Pension Protection Fund appoints seven farmland and timberland managers

Responsible and sustainable investment a criteria for selection

The Pension Protection Fund, the UK’s £12bn (€14.8bn) pensions lifeboat scheme, has appointed seven farmland and timberland fund managers.
They are: Brookfield Asset Management; Dasos Capital; GMO Renewable Resources; Hancock Timber Resource Group; Macquarie; New Forests Pty; and Stafford Timberland.
Some managers will be funded immediately while others are appointed for deferred investment.
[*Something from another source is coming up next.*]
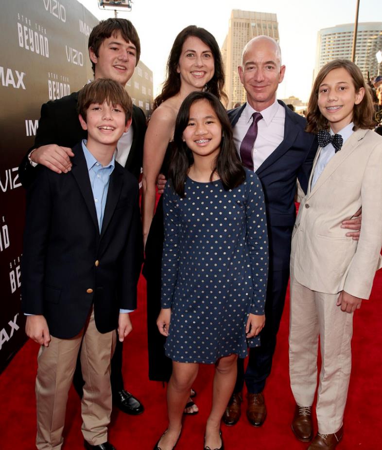 更别说麦肯齐还为贝索斯生下了3个可爱的儿子,心地善良的她还收养了一名亚裔女孩,而那时的贝索斯也是宠妻狂魔一个。

They were appointed for four years, with the flexibility for two extensions of up to two years.
“Investing in farm and timberland will complement our existing alternative investment portfolio, allow us to diversify our investments more widely and make our portfolio more resilient,” said the PPF’s Executive Director for Financial Risk, Martin Clarke.The PPF had said it was looking to hire a panel of managers to run farmland and timberland “responsibly and sustainably” in February this year. Candidate firms’ approach to responsible and sustainable investment was one of nine criteria for selection.
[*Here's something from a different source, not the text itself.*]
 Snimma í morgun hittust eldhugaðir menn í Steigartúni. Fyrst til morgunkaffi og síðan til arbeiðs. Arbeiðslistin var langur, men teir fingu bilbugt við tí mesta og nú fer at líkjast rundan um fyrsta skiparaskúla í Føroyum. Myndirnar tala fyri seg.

The fund’s size now means it can take advantage of a broader range of investment opportunities, he added.
The new investments would allow it to diversify its investments and them ”more resilient”. The approach will be to invest conservatively.
The proportion of PPF assets allocated to farm and timberland will vary over time and depend on opportunities.
Last month the PPF named Hermes Equity Ownership Services (EOS) as its new voting and engagement advisor.